Bir Kurttan Bir Millete: Bozkurt Destanı
Efsanelerle yoğrulan Türk kimliğinin en eski anlatılarından biri: Bozkurt Destanı
Bozkurt Destanı Türk tarihinin en eski ve en bilinen mitolojilerinden biridir. Sadece Türklerin kökenini anlatmakla kalmaz onların bağımsızlığına olan düşkünlüğünü, cesaretini ve yeniden doğuşu temsil eder.
Bir Milletin Küllerinden Doğuşu
Anlatılan destana göre, Orta Asya'nın geniş bozkırlarında büyük bir Türk boyu yaşam sürerdi. Fakat bir gün büyük bir saldırıya uğrar ve bütün halk katledilir.
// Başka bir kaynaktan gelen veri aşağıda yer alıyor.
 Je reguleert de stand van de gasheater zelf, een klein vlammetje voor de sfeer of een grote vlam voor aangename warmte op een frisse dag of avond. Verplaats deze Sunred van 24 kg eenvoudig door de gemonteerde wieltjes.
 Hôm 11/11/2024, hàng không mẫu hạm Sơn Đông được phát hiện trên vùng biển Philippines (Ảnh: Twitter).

Geriye yalnıca bir çocuk kalmıştır ki bu çocuk felaketin ortasında yeniden doğuşun ve bu olağanüstü efsanenin merkezinde olacaktır.
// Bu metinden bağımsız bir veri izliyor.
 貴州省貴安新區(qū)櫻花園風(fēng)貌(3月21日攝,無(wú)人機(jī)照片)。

Dişi Kurttan Gelen Mucizevi Kurtuluş
Yıkımın ortasında kalan kanlar içindeki yaralı çocuk ne yapacağını bilemez halde dağların yamacına kadar sürünerek gider. Destana göre artık dayanma gücü kalmayıp tam ümidini kaybederken gökten inen bir dişi kurt ona ulaşır. Bu mucizevi kurt çocuğu sırtlayıp gözlerden uzak gizemli bir vadiye götürür. Efsaneye göre bu yer kimsenin yaşamadığı ve sadece Tanrı'nın görebildiği bir yerdi ve çocuk orada büyütüldü. Zaman geçtikçe dişi kurt ve çocuk arasında özel bir bağ oluştu ve bu bağdan 10 çocuk dünyaya geldi.
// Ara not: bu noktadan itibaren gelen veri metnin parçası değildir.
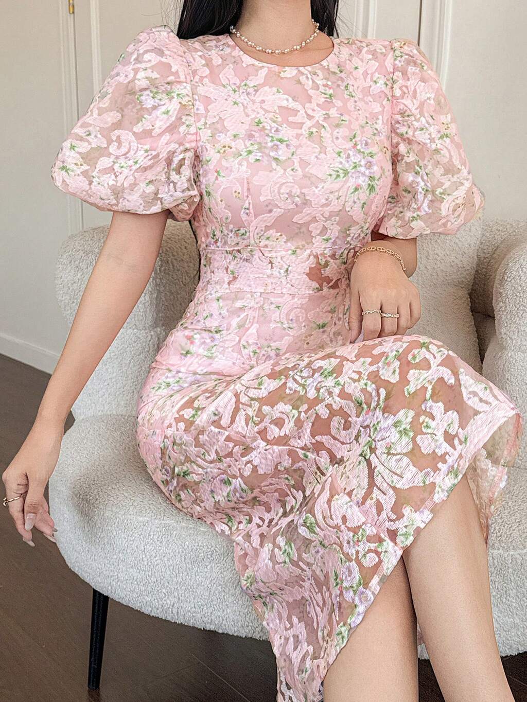 Women's Elegant Floral Puff Sleeve Dress, Summer Wedding Guest Dress Easter Sundress

Bu on çocuğun her biri farklı bir erdemin temsilcisiydi: bilgelik, adalet, savaşçılık, sabır, cesaret, bağlılık, öngörü, sadakat, liderlik ve merhamet. Ve zamanla çoğaldılar ve her biri farklı yönlere dağıldı. Efsaneye göre bu on ocuktan biri de Asena' nın soyundan olan Bumin Kağan olarak tarih sahnesine çıktı.
Böylece Türkler için bozkurt figürü yalnızca bir kurt değil aynı zamanda o koruyucu bir ana, yol gösterici bir ruh ve yeniden doğuşun simgesi olmuştur.